Skipping the engagement is precisely what today’s text-only language models do. A large model learns the statistics of how we talk — the staggeringly intricate shape of which words follow which — from a corpus of descriptions of the world, never from the world.7 It has read everything ever written about sunburns and has never once had skin. Its “red” is a position in an immense map of words, anchored to other words, anchored to nothing outside the map. The fluency is real and the achievement is genuine; it is simply not the achievement of understanding.
Here the strongest objection arrives, and it deserves a real hearing rather than a brush-off. If the machine’s answers became indistinguishable — in principle, not merely in today’s practice — from an understander’s, then insisting it still lacks understanding looks like clinging to a ghost. A difference that makes no detectable difference, the objection runs, is no difference at all.
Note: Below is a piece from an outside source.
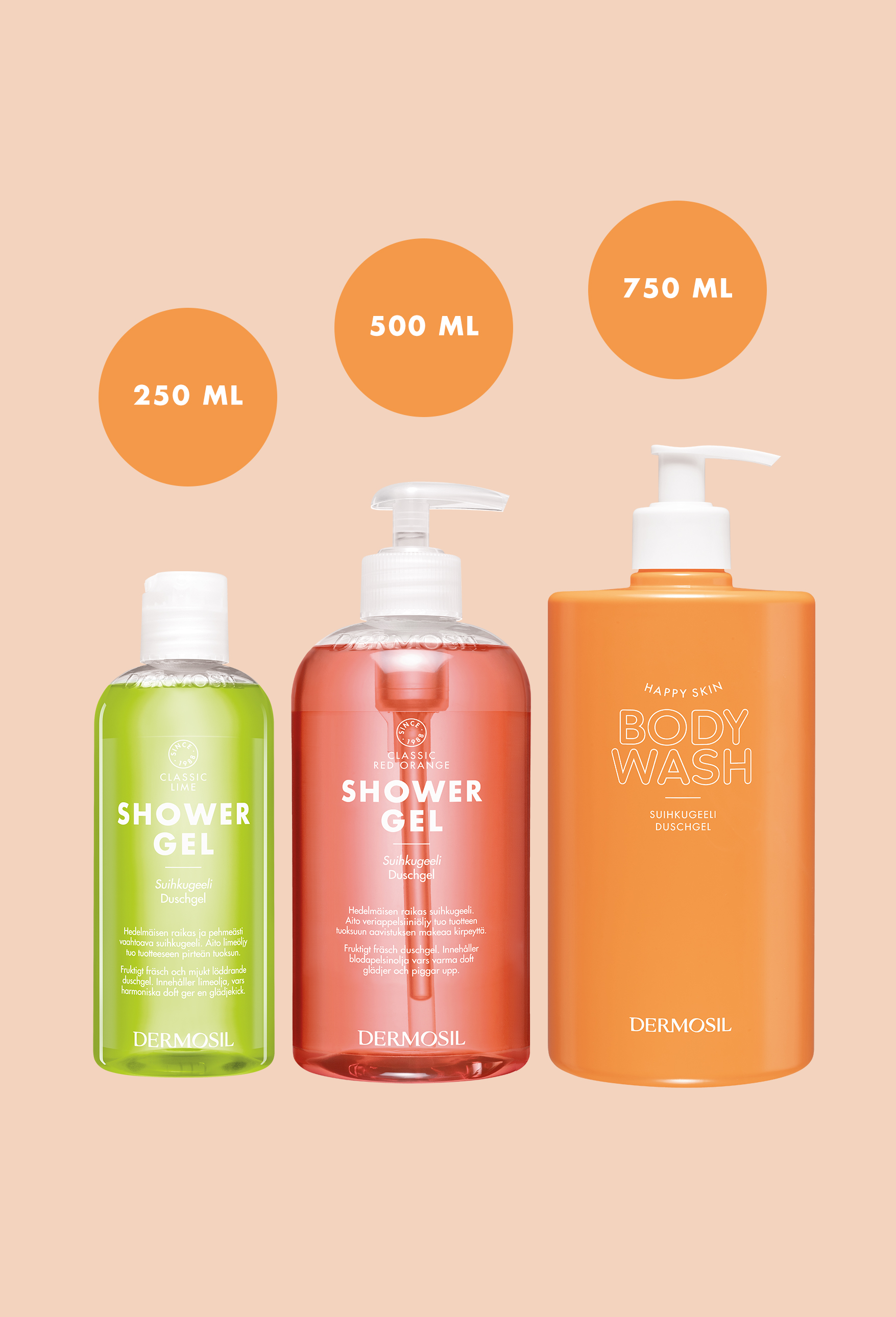 750 ml pumppupullosta riittää runsaasti iloa vaikka koko perheen pesuhetkiin pitkäksi aikaa.

That is the whole moral of the imitation game, and it is not a silly one.
But “makes no difference you can detect in the output” is the definition of a good simulation, not the absence of a difference. Simulate a hurricane to any precision you please: the equations are flawless and your desk stays bone dry. Modeling a process is not running it.8 Two systems can produce the very same words while one means them and the other reports the statistics of how the word gets used — because meaning was never a property of the output. It lives in the history behind the output, and that history is exactly what an output test cannot see. The objection mistakes the instrument for the quarry. It notices that the meter reads the same and concludes there is nothing the meter is missing.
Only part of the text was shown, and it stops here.